As you undoubtedly know by now — especially if you’ve had the misfortune to be near a TV tuned to a cable news station in the past 24 hours — al-Qaeda appears to have made another half-hearted plea for relevance, somewhat harebrained in keeping with most of its latter-day attempts at U.S. terrorism (“Let’s send packages with protruding wires from an Arab country to Jewish synagogues in America… no one will suspect a thing!”).
For a demonstration how professionals operate when they want to undermine a democracy, see the Washington Post today:
… new political groups have sprouted like mushrooms in the final weeks of the 2010 campaign, dumping tens of millions of dollars into House and Senate races and, in many cases, avoiding the need to tell voters who is funding their activities.
The frenzy is possible largely because of federal rulings making it easier and more advantageous to set up “super PACs” […] with no limits on fundraising or spending. More than three dozen super PACs and other political groups began spending money for the first time within the past ten days, according to a Washington Post analysis of FEC records.
The surge underscores the outsized role played this year by independent interest groups, which are expected to spend as much $500 million on the midterms. Some political committees are so new they don’t have to reveal details about their backing until after the election; others operating as nonprofits will never have to disclose their donors.

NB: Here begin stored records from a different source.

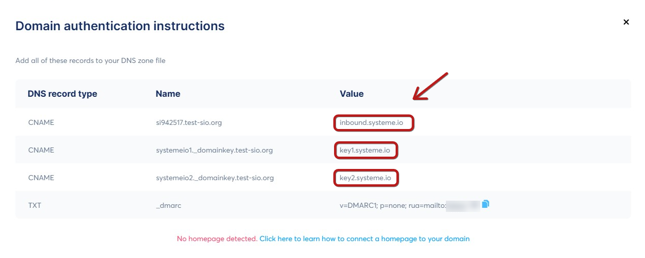 - Sunucunuzun Ad alanına, systeme.io'daki değeri yapıştırın.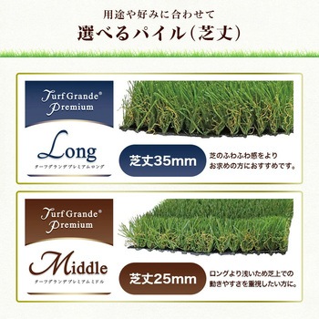 ロングはふわふわ感重視/ミドルは動きやすさ重視/アクティブはパターゴルフやお子様の遊び空間に最適。アクティブはパイルが短いため、ピン打ちは推奨しておりません。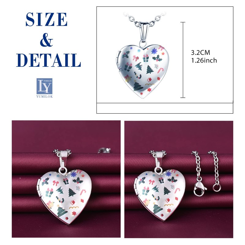 Yumilok Women's Necklace Moon Planet Heart Locket Photo Pendant Chain Amulet for Opening Pictures Photo Amulet Necklace for Women Girls, Stainless Steel, Rhinestone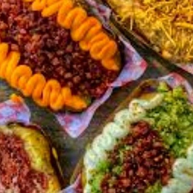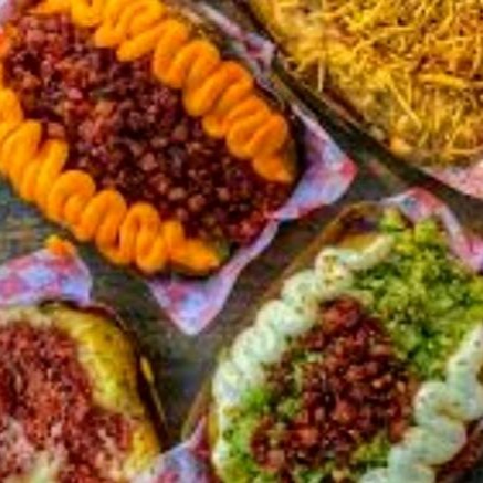 Deliciosa batata recheada com manteiga, tempero da casa, mussarela, Catupiry, barbecue, frango desfiado, calabresa, bacon e milho.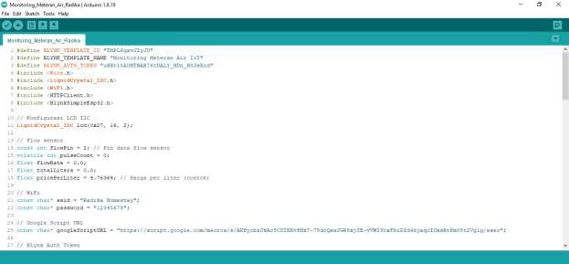 terdapat authtokenyang digunakan untuk integrasi dengan aplikasi blynk, serta nama server dari Google Apps Script yang berperan dalam menghubungkan sistem dengan Google Spreadsheet.
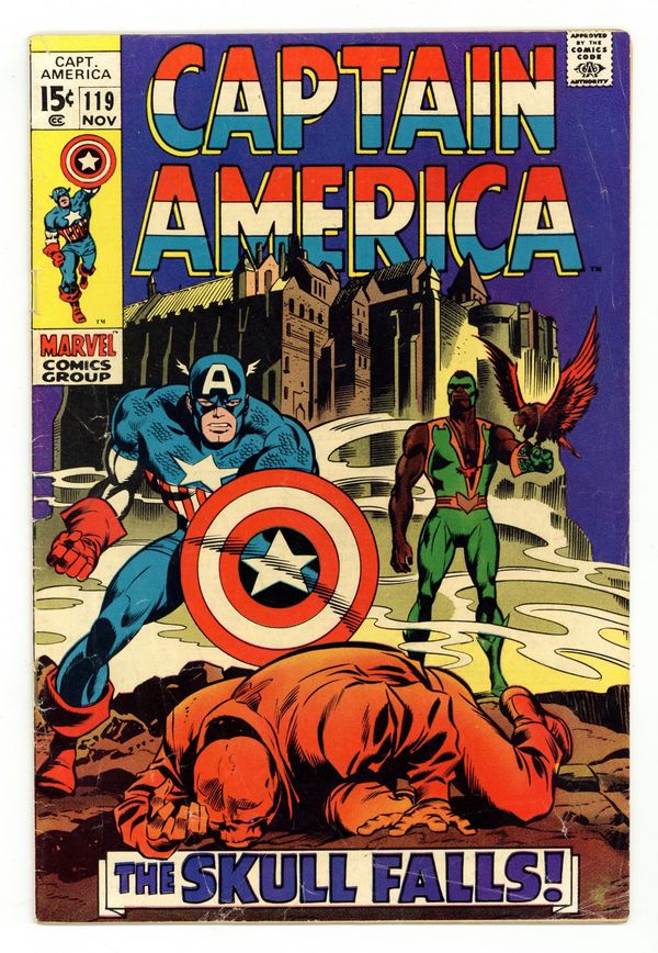 Tags: Marvel Legacy Numbering: Captain America (part 119), Captain America$24.00Cover pencils by Gene Colan, inks by Joe Sinnott. The dramatic conclusion to the story that began back in issue 115 in "Now Falls the Skull!", script by Stan Lee, pencils by Gene Colan, inks by Joe Sinnott; The Red Skull uses the Cosmic Cube to change bodies back with Captain America; Falcon realizes the man who he has been working with is Captain America; The Skull uses the Cube to toy with Cap and the Falcon during their battle; Elsewhere, MODOK activates his newly-created Catholite Block to disrupt the power of the Cosmic Cube; The Red Skull uses the remaining power of the Cube to disappear. Letter to the editor from writer Alan Brennert. 36 pgs., full color. $0.15. Cover price $0.15.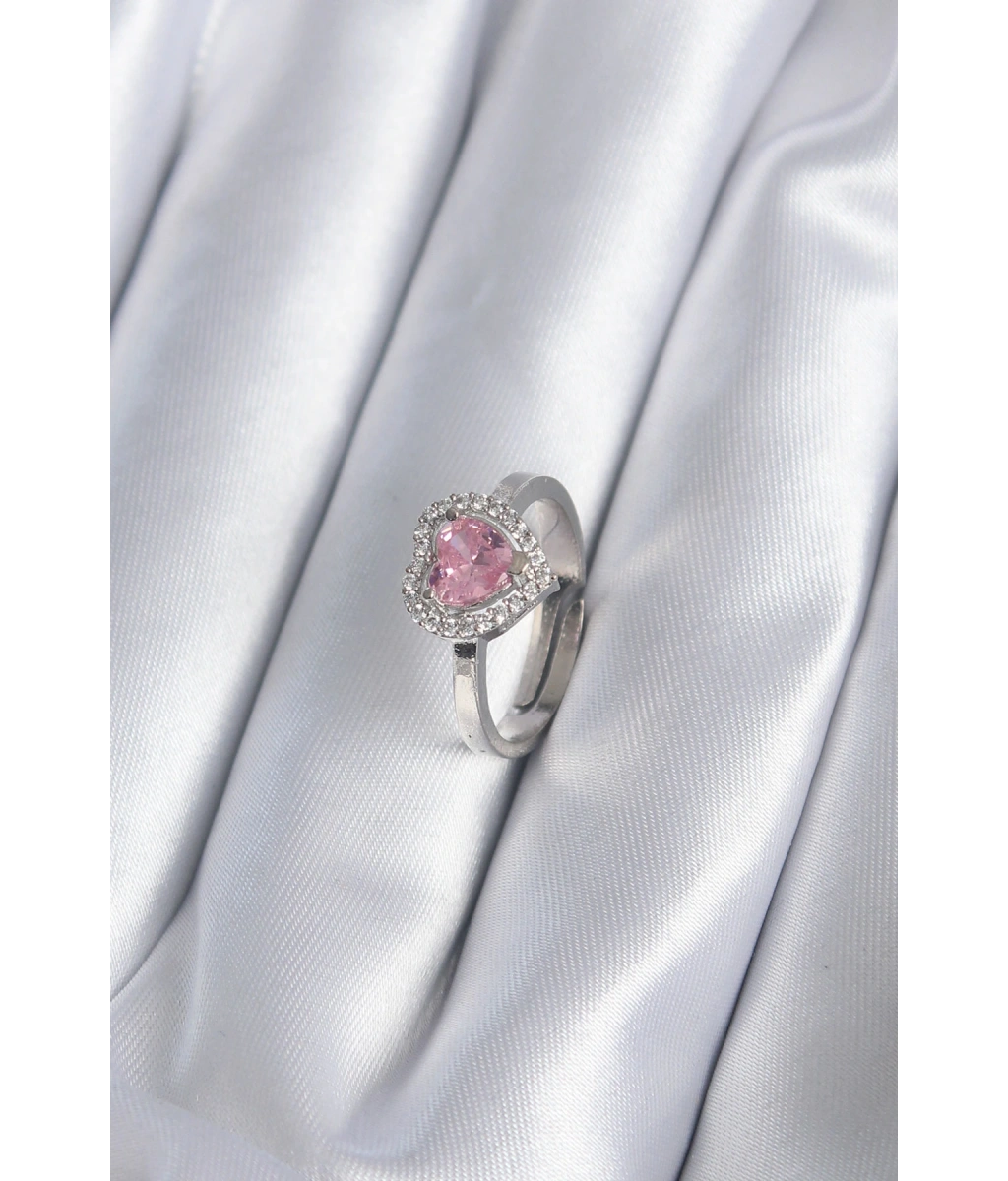 Shoecide Pirinç Gümüş Renk Pembe Zirkon Taşlı Charm Model Kadın Yüzük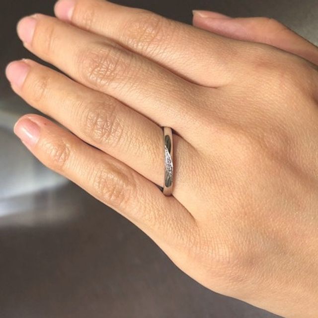 非常につけ心地が良かったのが決め手になりました。デザインでは他にも幾つか候補があったのですが、最終的にはシンプルなデザインのこのリングにしました。ダイヤの輝きは程よく、ウェーブの入ったデザインは指が綺麗に見えるので気に入っています。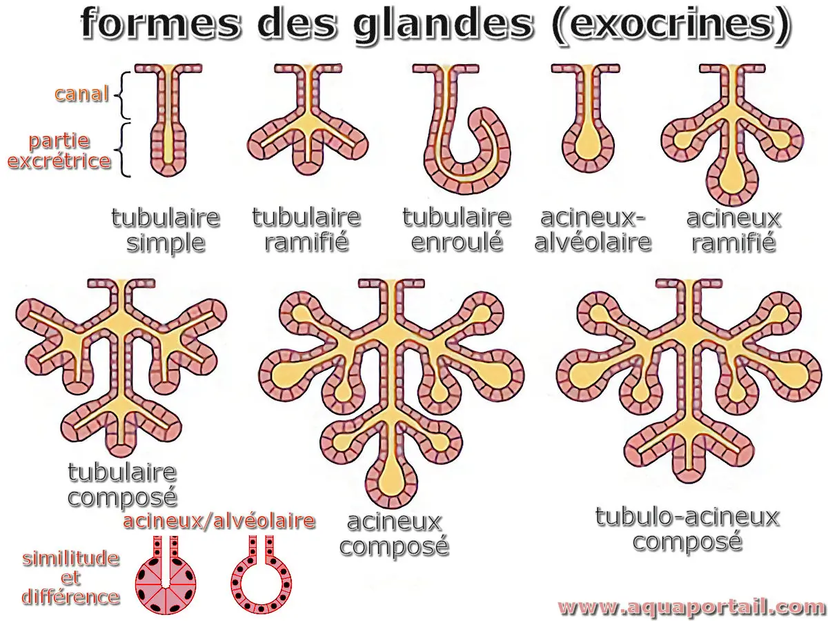 Les glandes peuvent être classées selon leur forme après le canal glandulaire en tubulaire, acineuse ou alvéolaire. La forme tubulaire peut aussi être enroulée (comme un "J"). Les glandes alvéolaires peuvent se substituer aux glandes acineuses sur le schéma. Illustration du terme forme des glandes et ses synonymes en image.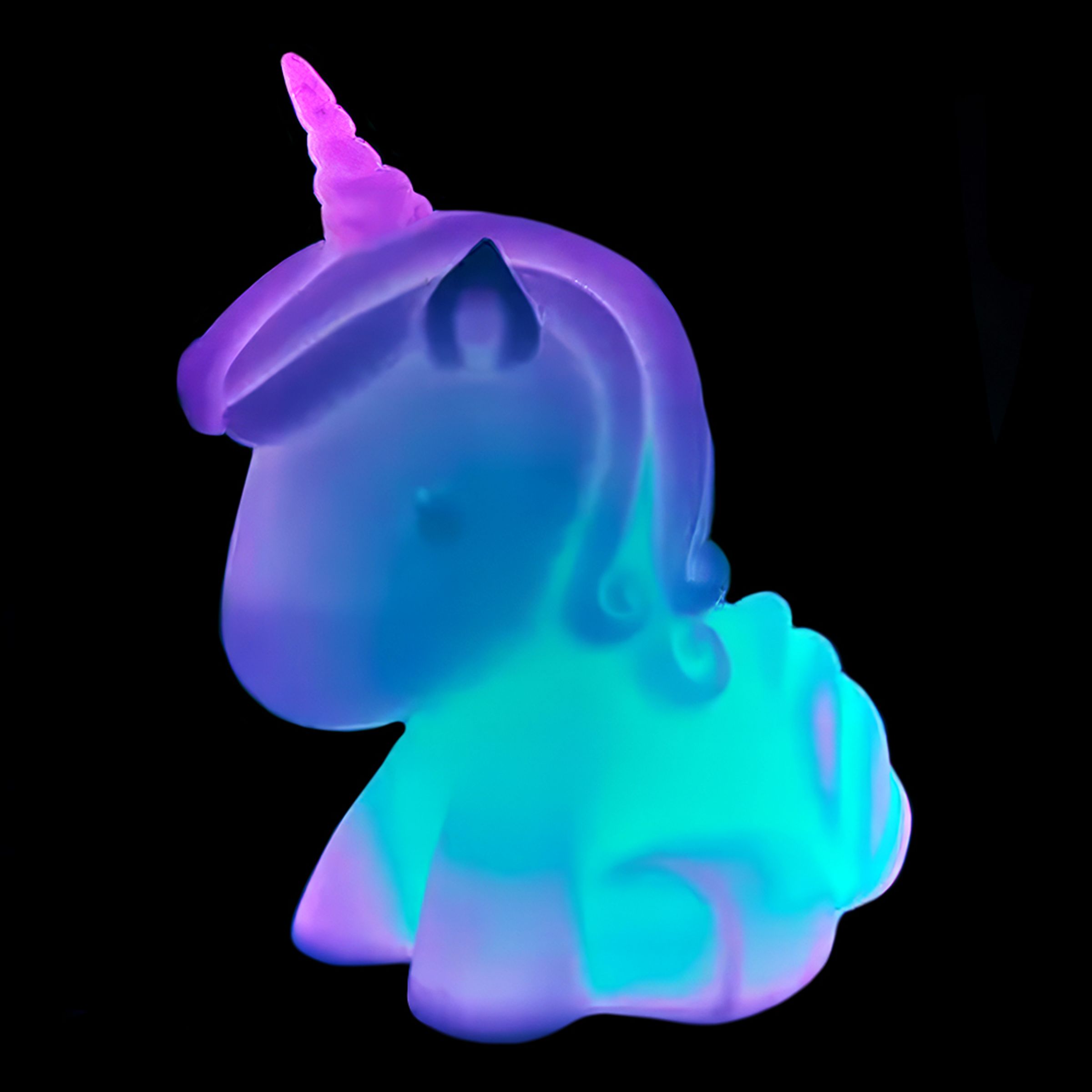 Enhörning Nattlampa är en färgskiftande nattlampa som ser ut som en enhörning. Lampan skiftar mellan 7 olika färger. Drivs av 3 x AAA-batterier (ingår ej).

The story by Dan Eggen is accompanied by a broader piece on the radical-right Supreme Court that has enthusiastically facilitated this situation:
Almost from the moment Chief Justice John G. Roberts Jr. joined the bench five years ago, the court’s conservatives have acted systematically on their deep skepticism of campaign spending restrictions. They repeatedly have questioned the ability of Congress to restrict the role of wealth and special interest involvement in elections without offending the First Amendment guarantee of unfettered political speech. . . .
. . . [Trevor] Potter, now president of the Campaign Legal Center, which supports campaign finance reform [said,]“Citizens United put a Supreme Court good-housekeeping-seal-of-approval on corporations being allowed in elections.”
. . . “While American democracy is imperfect,” [dissenting Justice John Paul] Stevens wrote in his 90-page opinion, “few outside the majority of this court would have thought its flaws included a dearth of corporate money in politics.”
Justice Anthony M. Kennedy wrote the majority opinion, but colleague Antonin Scalia took up his pen to specifically answer Stevens.
“To exclude or impede corporate speech is to muzzle the principal agents of the modern free economy,” he wrote. “We should celebrate rather than condemn the addition of this speech to the public debate.“
I’ll bet you never knew that the Founding Fathers wrote the Constitution and the Declaration of Independence to enshrine the dominance of “the principal agents of the modern free economy,” rather than that silly nonsense about all men being created equal.
I’m sure, though, that future history books will correct this oversight. Just as soon as education is privatized, just like our elections have been.